К do
-исчислению я испытываю особые чувства. С помощью этих трех скромных правил мне удалось вывести формулу парадного входа. Это было первое каузальное воздействие, которое получилось оценить иными средствами, чем поправки по конфаундерам. Я был убежден, что без do-исчисления этого никто не сможет сделать, поэтому представил эту задачу как вызов на семинаре по статистике в Калифорнийском университете в Беркли в 1993 году и даже предложил приз в 100 долларов тому, кто ее решит. Пол Холланд, присутствовавший на семинаре, написал мне, что предложил задачу в качестве проекта своим студентам и пошлет мне решение, когда оно будет готово (коллеги рассказывали мне, что на конференции в 1995 году он таки представил длинное решение, так что, возможно, я должен ему 100 долларов, если найду его доказательство). Экономисты Джеймс Хекман и Родриго Пинто предприняли следующую попытку доказать формулу парадного входа, используя только «стандартные инструменты», в 2015 году. Им это удалось, хотя и ценой восьми страниц сложных выкладок.В ресторане вечером накануне этой беседы я записал доказательство (очень похожее на то, что приведено на рис. 44) на салфетке для Дэвида Фридмана. Позже он написал мне, что потерял ту салфетку, не может восстановить доказательство, и спросил меня, не сохранилось ли у меня копии. На следующий день Джейми Робинс написал мне из Гарварда, сообщив, что слышал о «задаче на салфетке» от Фридмана и готов вылететь в Калифорнию ближайшим рейсом, чтобы вывести доказательство вместе со мной.
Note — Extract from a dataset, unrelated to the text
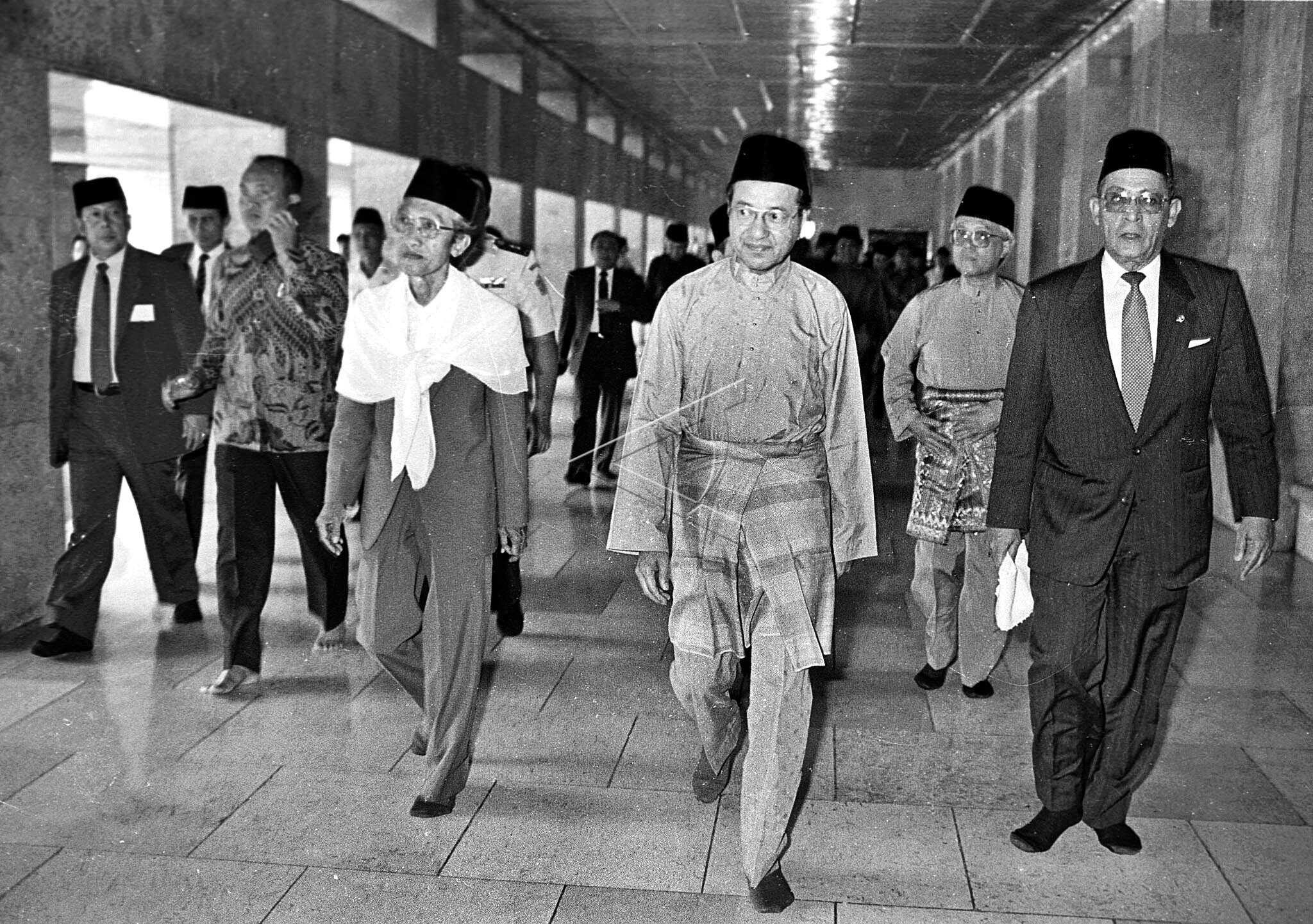 Perdana Menteri Malaysia Mahathir Mohamad (ketiga kanan) bersama Menteri Luar Negeri Ali Alatas (kanan) usai melaksanakan shalat Jumat di Masjid Istiqlal, Jakarta, Jumat (1/3/1991). ANTARA FOTO/PF01/NA/tom.

Рис. 44. Вывод формулы поправок парадного входа по правилам do
-исчисления
Я был очень рад поделиться с Робинсом секретами do
-исчисления и полагаю, что его поездка в Лос-Анджелес в том году сыграла ключевую роль в том, с каким энтузиазмом он воспринял каузальные диаграммы. Благодаря ему и Сандеру Гренланду эти диаграммы стали вторым языком эпидемиологов. Это объясняет, почему я так отношусь к «задаче на салфетке».Поправка парадного входа была приятным сюрпризом и означала, что do
-исчислению есть что предложить людям. Тем не менее в тот момент я еще не знал наверняка, достаточно ли всего трех правил do-исчисления. Не упустили ли мы четвертое правило, которое помогло бы нам решать задачи, неразрешимые с помощью только этих трех?В 1994 году, когда я впервые предложил общественности do
-исчисление, я выбрал эти три правила потому, что они были достаточны во всех известных мне случаях. Я не знал, выведут ли они меня как нить Ариадны из абсолютно любого лабиринта, или когда-нибудь мне попадется лабиринт такой дьявольской сложности, что выбраться из него я не смогу. Конечно, я надеялся на лучшее. Я предполагал, что в тех случаях, когда каузальное воздействие вообще возможно оценить по данному набору данных, последовательность шагов, использующих эти три правила, позволит сократить do-оператор. Но я не в состоянии был это доказать.У такого типа задач есть множество предшественников в математике и логике. Это свойство в математической логике обычно называют функциональной полнотой. У обладающей полнотой системы аксиом есть следующее свойство: этих аксиом достаточно для выведения любого истинного утверждения данного языка. Некоторые очень хорошие системы аксиом тем не менее не обладают функциональной полнотой: таковы, например, аксиомы Филипа Давида, описывающие условную независимость в теории вероятности.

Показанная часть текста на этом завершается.